▸ **The task**: Copy out exactly the lines below that run from the one holding "L'appartamento è composto" to the one holding "따라서 byte offset", keeping both of those lines and no others.

▸ **Record extracts**:
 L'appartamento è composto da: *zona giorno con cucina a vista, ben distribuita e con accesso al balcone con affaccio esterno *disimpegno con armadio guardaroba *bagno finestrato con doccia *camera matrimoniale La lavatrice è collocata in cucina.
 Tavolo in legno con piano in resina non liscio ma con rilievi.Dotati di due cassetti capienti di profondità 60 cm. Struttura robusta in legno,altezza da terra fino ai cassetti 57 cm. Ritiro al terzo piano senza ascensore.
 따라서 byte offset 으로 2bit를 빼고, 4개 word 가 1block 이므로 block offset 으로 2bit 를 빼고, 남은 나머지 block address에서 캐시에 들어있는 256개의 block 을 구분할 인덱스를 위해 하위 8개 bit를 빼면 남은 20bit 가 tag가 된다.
* * *
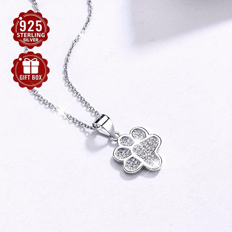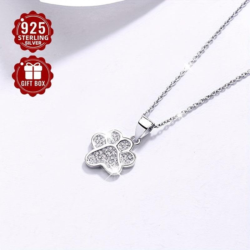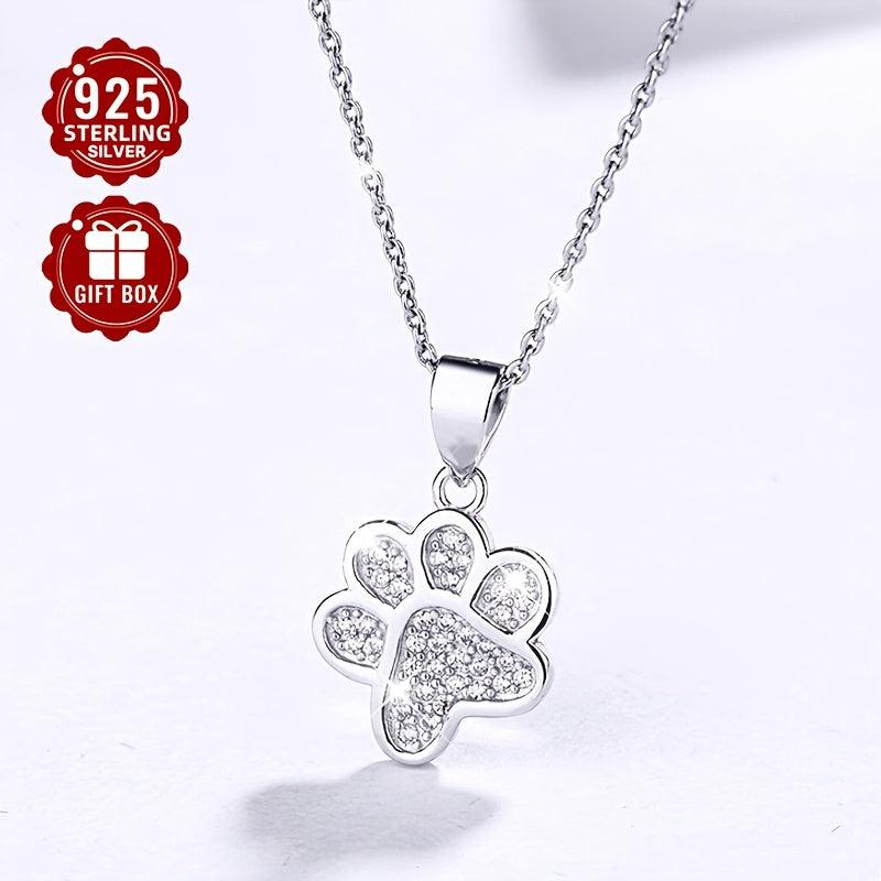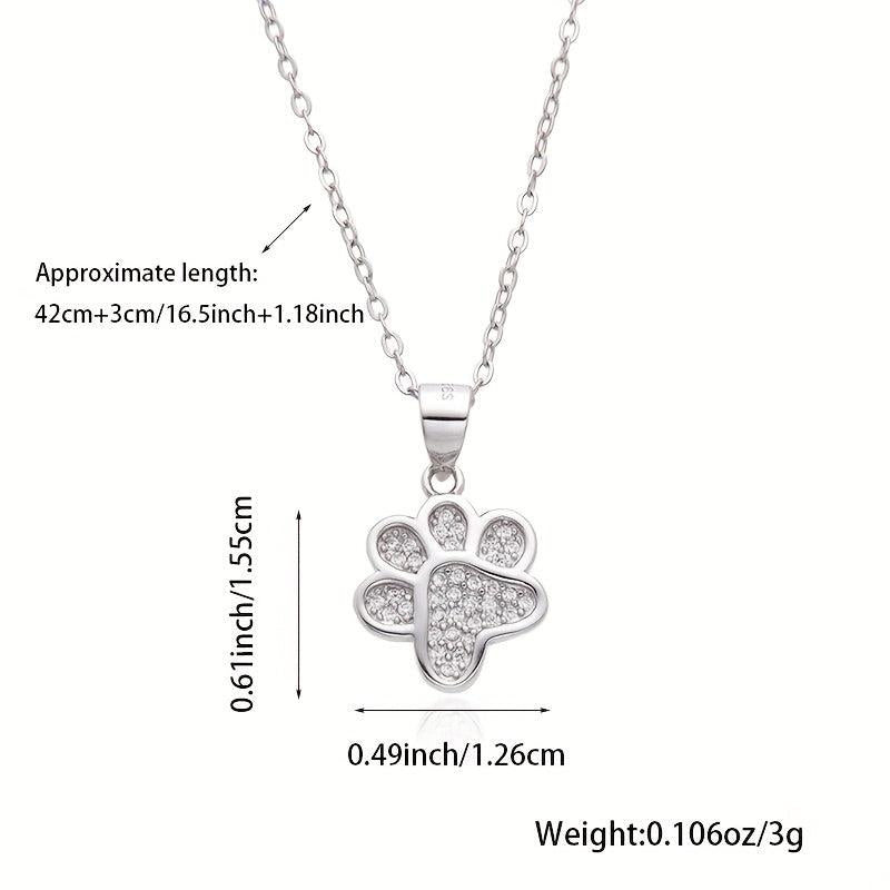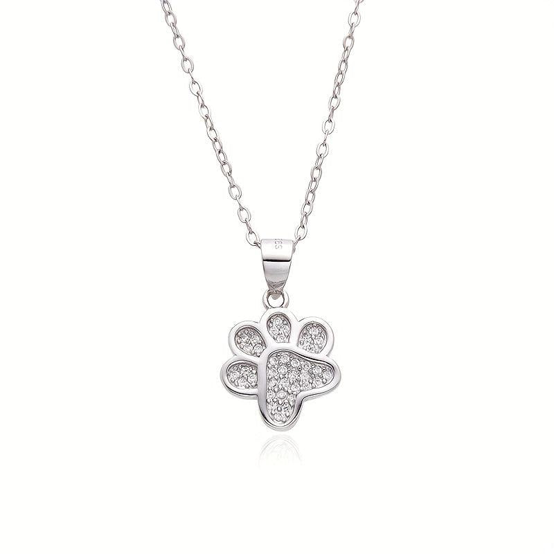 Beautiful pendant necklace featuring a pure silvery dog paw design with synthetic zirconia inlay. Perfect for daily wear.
* * *
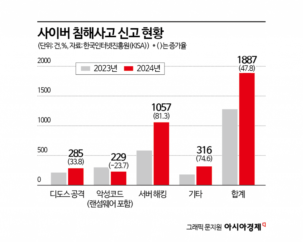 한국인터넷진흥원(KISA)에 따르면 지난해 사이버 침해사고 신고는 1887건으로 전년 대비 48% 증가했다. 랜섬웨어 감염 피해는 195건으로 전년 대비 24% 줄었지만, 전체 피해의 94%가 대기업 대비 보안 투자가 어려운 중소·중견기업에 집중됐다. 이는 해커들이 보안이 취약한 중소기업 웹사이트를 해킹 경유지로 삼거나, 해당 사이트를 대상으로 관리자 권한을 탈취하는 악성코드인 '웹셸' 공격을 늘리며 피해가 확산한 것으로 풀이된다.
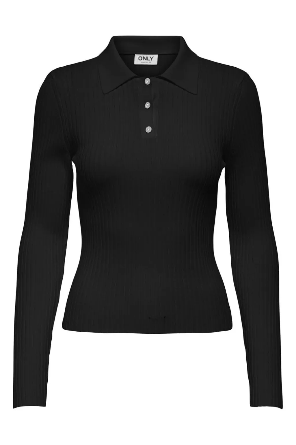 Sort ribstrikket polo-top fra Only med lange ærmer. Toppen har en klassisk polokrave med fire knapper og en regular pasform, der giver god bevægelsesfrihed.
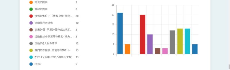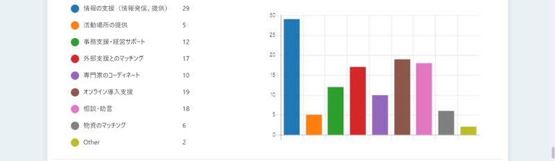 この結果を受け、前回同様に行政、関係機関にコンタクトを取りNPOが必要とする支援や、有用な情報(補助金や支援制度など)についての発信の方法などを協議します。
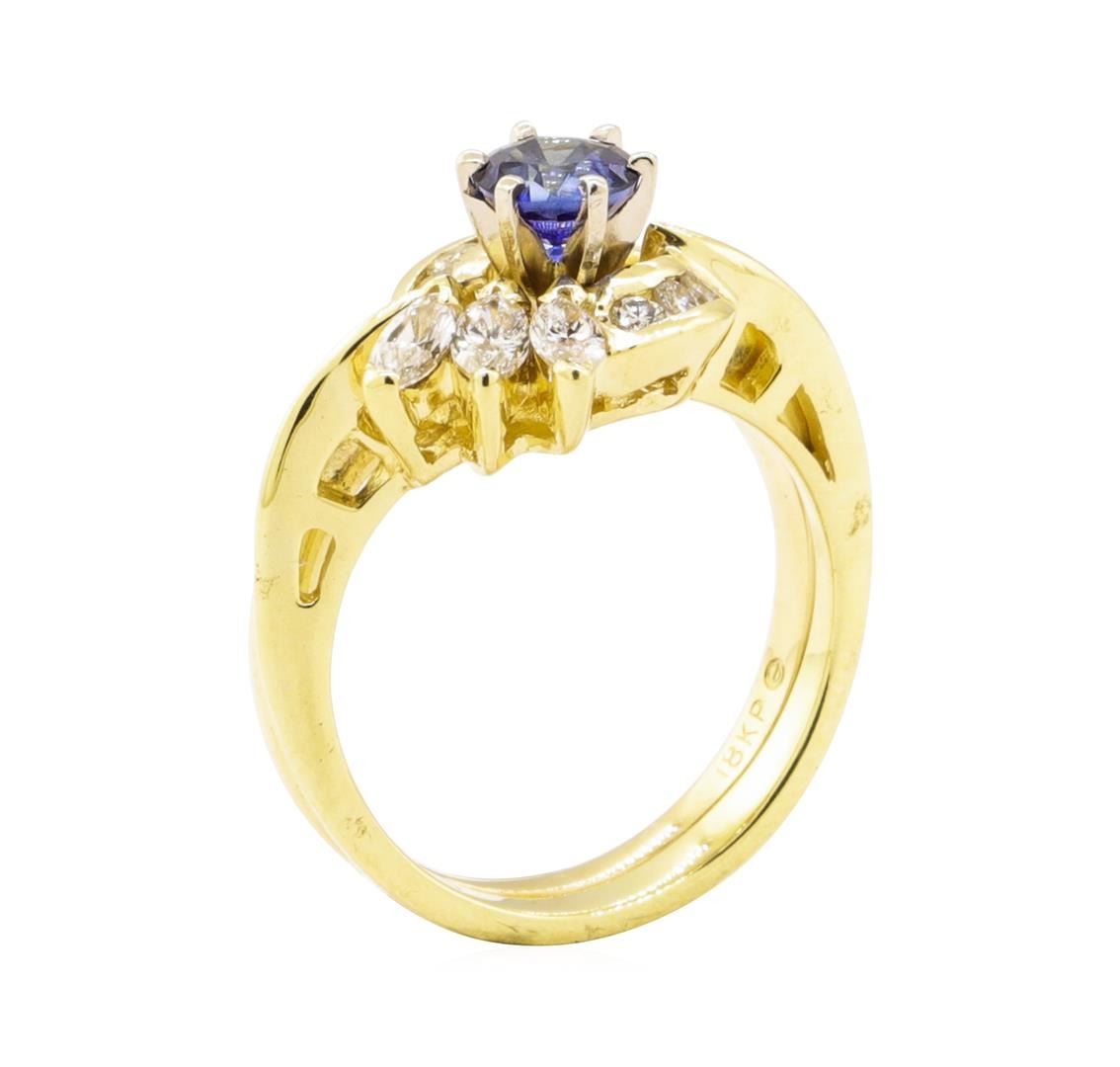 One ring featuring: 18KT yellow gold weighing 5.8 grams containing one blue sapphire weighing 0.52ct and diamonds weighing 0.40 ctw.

▸ **Solution for this problem**:
 L'appartamento è composto da: *zona giorno con cucina a vista, ben distribuita e con accesso al balcone con affaccio esterno *disimpegno con armadio guardaroba *bagno finestrato con doccia *camera matrimoniale La lavatrice è collocata in cucina.
 Tavolo in legno con piano in resina non liscio ma con rilievi.Dotati di due cassetti capienti di profondità 60 cm. Struttura robusta in legno,altezza da terra fino ai cassetti 57 cm. Ritiro al terzo piano senza ascensore.
 따라서 byte offset 으로 2bit를 빼고, 4개 word 가 1block 이므로 block offset 으로 2bit 를 빼고, 남은 나머지 block address에서 캐시에 들어있는 256개의 block 을 구분할 인덱스를 위해 하위 8개 bit를 빼면 남은 20bit 가 tag가 된다.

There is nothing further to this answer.